Bu tabloya, Mehmet Ağar’ın Çatlı’ya belge düzenlemekle suçlandığı ve Özel Harekât’çı Şahin’in Çatlı ile göbek attığını gösteren fotoğrafları da… Çatlı’nın emriyle gerçekleştirilen Bahçelievler katliamının tetikçisi olan ve “yanlışlıkla” tahliye edildikten sonra “aranırken” Erzurum’da düğün yapan Haluk Kırcı‘nın nikâh tanığının o sırada Erzurum Valisi olan Mehmet Ağar olduğunu da ekleyin.
MİT’ten mahkemeye kritik belge
19- Faili meçhul cinayetler davasında ortaya çıkan son bulgu ne?
Taraf gazetesinde Adnan Keskin tarafından ortaya çıkarılan 10 Temmuz 2014), MİT’in mahkemeye gönderdiği belge. MİT, dinleme tapelerine dayanan bu belgeyle, 20 yıl sonra davaya artık üstü örtülemeyecek kanıtlarla damgasını vururken, kendi elemanlarıyla ilgili bir dokümanı da yıllar sonra açıklamış oluyor.
Dün itibarıyla yalanlanmayan tapelere göre MİT’e çalışan Tarık Ümit; Kürt işadamları Savaş Buldan ve Behçet Cantürk ile Fevzi Aslan’ın da dahil olduğu isimlerin nasıl öldürüldüğüne ilişkin detayları anlatıyor. MİT’in gönderdiği görüşme dökümlerine göre, eski MİT Kontr Terör Dairesi Başkanı Mehmet Eymür‘le konuşan Tarık Ümit, Mehmet Ağar‘ın “hangi saatte olursa olsun Tarık Ümit aradığı zaman bağlayacaksınız” talimatı verdiğini anlatıyor. Aynı konuşmada Tarık Ümit, Fevzi Aslan cinayetini “O konu halloldu” diyerek haber verince Ağar’ın “Çok memnun oldum gözlerinden öperim” diye karşılık verdiğini söylüyor. Tape dosyasına göre Tarık Ümit, Savaş Buldan’ın da üç asker ve üç polis olmak üzere aynı çete tarafından öldürüldüğünü, Yeşil kod adlı Mahmut Yıldırım‘ın MİT’te sorgulanırken kaburgalarının kırıldığını anlatıyor. Korkut Eken’in kendisinden sürekli para istemesinden yakınan Tarık Ümit, öldürülen kişilerin üzerinden çıkan paraların nasıl paylaşıldığını da anlatılıyor. Kendisinden yıllardır haber alınamayan Tarık Ümit, Susurluk çetesinin hedefinde gazeteci Mehmet Ali Birand‘ın da olduğunu, ancak sonradan vazgeçildiğini belirtiyor.
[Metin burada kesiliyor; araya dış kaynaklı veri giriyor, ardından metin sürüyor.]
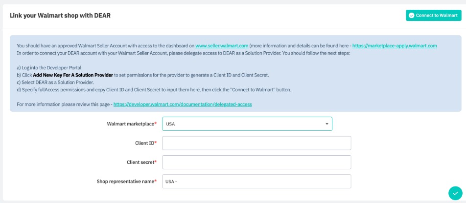 First, you must connect Cin7 Core to your Walmart Marketplace store. You must have an active Walmart Seller account to use this integration. You will need to generate a Client ID and Client Secret for Cin7 using delegated access authorization.

Çiller’i kollayan komisyon başkanı
20- Çeyrek yüzyıla yaklaşan süreçte açıklamaları ve talimatları tartışılan, ekibinden bazı isimler gecikerek de olsa sanık sandalyesine oturtulan Tansu Çiller’in “şüpheli” olarak ifadesine başvuruldu mu?
Hayır! Savcılık ifadesi bir yana, TBMM Darbe ve Muhtıraları Araştırma Komisyonu’nun bazı üyeleri Topal cinayeti konusuna ilişkin sorular yöneltirken araya giren Komisyon Başkanı AKP’liNimet Baş, tutanaklara göre, “Çok fazla milletvekilimiz soru sormak istiyor… Eksik kalan hususlar olursa yazılı olarak versin” diyerek konuyı kapatıyor. Tutanaklara göre, Nimet Baş, komisyon görüşmesini kapatırken, “kadın başbakan” olarak “bedel ödetildiğini” öne sürdüğü Çiller sayesinde “Türkiye’de kız çocuklarının başbakan olma hayalleri kurabildiğini” anlatıyor!